My existing system has 23 Gb available out of 100 Gb total capacity, so I'm using about 77 Gb. Disk usage has grown from about 15 Gb in 1999 to 77 this year, which means that it grew by a factor of five in the intervening eight years. That suggests I should buy five times the amount of disk that I am now using, or about 400 Gb, to last the next eight years. Maybe so.
But maybe not. New technology is on the horizon. It is already possible to buy a 64 Gb flash drive with no moving parts for about $900. How soon will the price/performance curve of flash or some even-better technology approach that of moving-head disk drives? Probably sooner than later.
For now I'm going with 320 Gb drives, a relatively mature technology, available from several manufacturers, with modest power and heat dissipation needs. That's a safe choice.
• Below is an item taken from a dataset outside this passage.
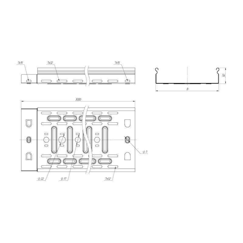 Лоток листовой перфорированный, замковый EKF 200х50х0,7 мм, L=3 м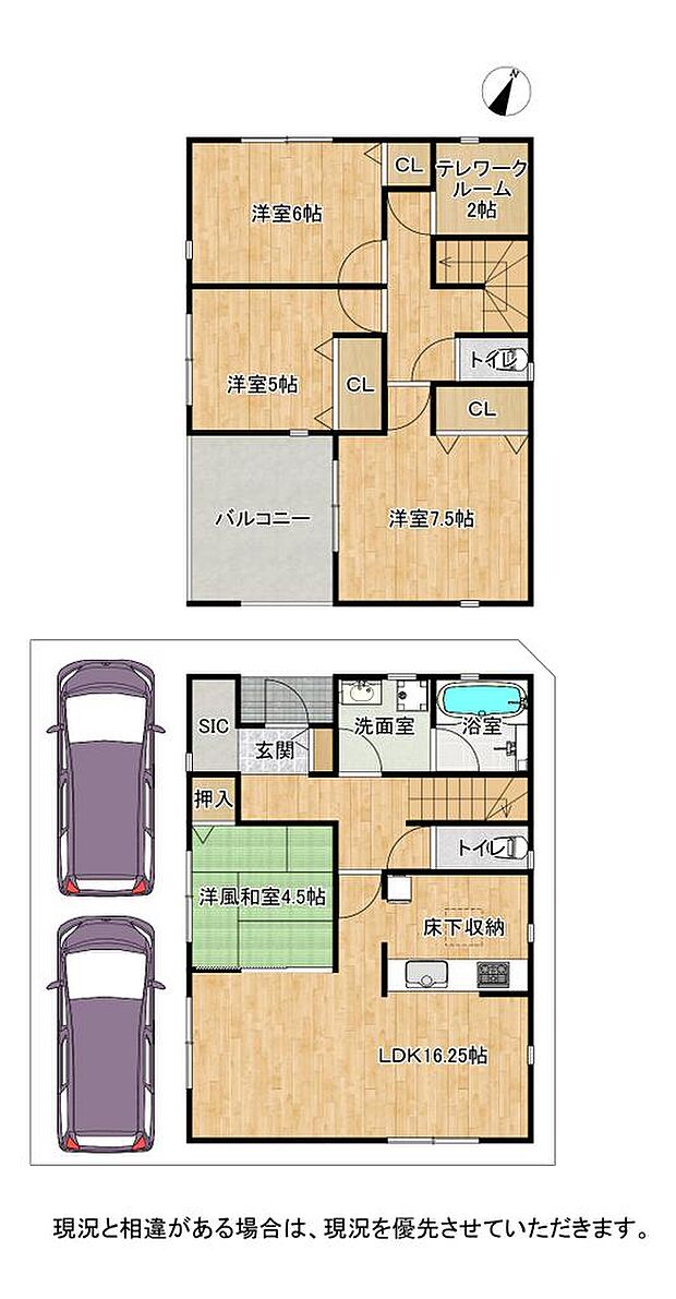 | 間取り | 4LDK 間取り内訳:リビングダイニングキッチン 16.2帖(1階)・和室 4.5畳(1階)・洋室 7.5帖(2階)・洋室 6帖(2階)・洋室 5帖(2階) |

So whose drives? To simplify things I've narrowed the field to three manufacturers: (1) Samsung, (2) Seagate, and (3) Western Digital, in alphabetical order. Hitachi and Maxtor make appropriate drives too, as do other manufacturers, but I've seen nothing to indicate that any of those would be a better choice than the best of the first three. If you have other information, please comment. The drives will all have:
- 320 Gb capacity.
- SATA 3.0 Gb/s interface.
- 7200 RPM and attending latency.
- Average seek time less than 10 ms.
- 16 Mb cache.
Brand | Model# | Price | Warranty | Five* | Comments |
Samsung | HD321KJ | $74.99 | 1 yr | 80% | 20 |
Seagate | ST3320620AS | $79.99 | 5 yr | 76% | 1887 |
Western Digital | WD3200AAKS | $74.99 | 3 yr | 80% | 144 |
The Five* column is the percentage of reviewers who gave the drive five stars out of five, i.e. the best possible rating. I realize that some people rarely give the highest rating to anything, so the system may be biased, but I also saw a comment from a reviewer who gave four stars for a drive which was dandy until it failed after one day's use. So it balances out.
In any case the reviewers' ratings don't give much guidance, all between 76% and 80%. The Seagate drive is by far the most popular, but comments indicate that it has been received dead on arrival in many recent cases. One commenter said that it is made in China. Further, and significantly, many reviewers comment that the Seagate drive is noisy. I don't like that, and I'm leaning a bit toward WD. I wonder where theirs are made?
Suppliers like NewEgg have a 30-day return policy on drives (probably on everything), so I suppose I won't be buying any drives until the rest of the system is nearly assembled and ready to test. By then things may have changed. Perhaps Seagate will correct their quality problem, or prices will change enough to make one drive more attractive on that basis.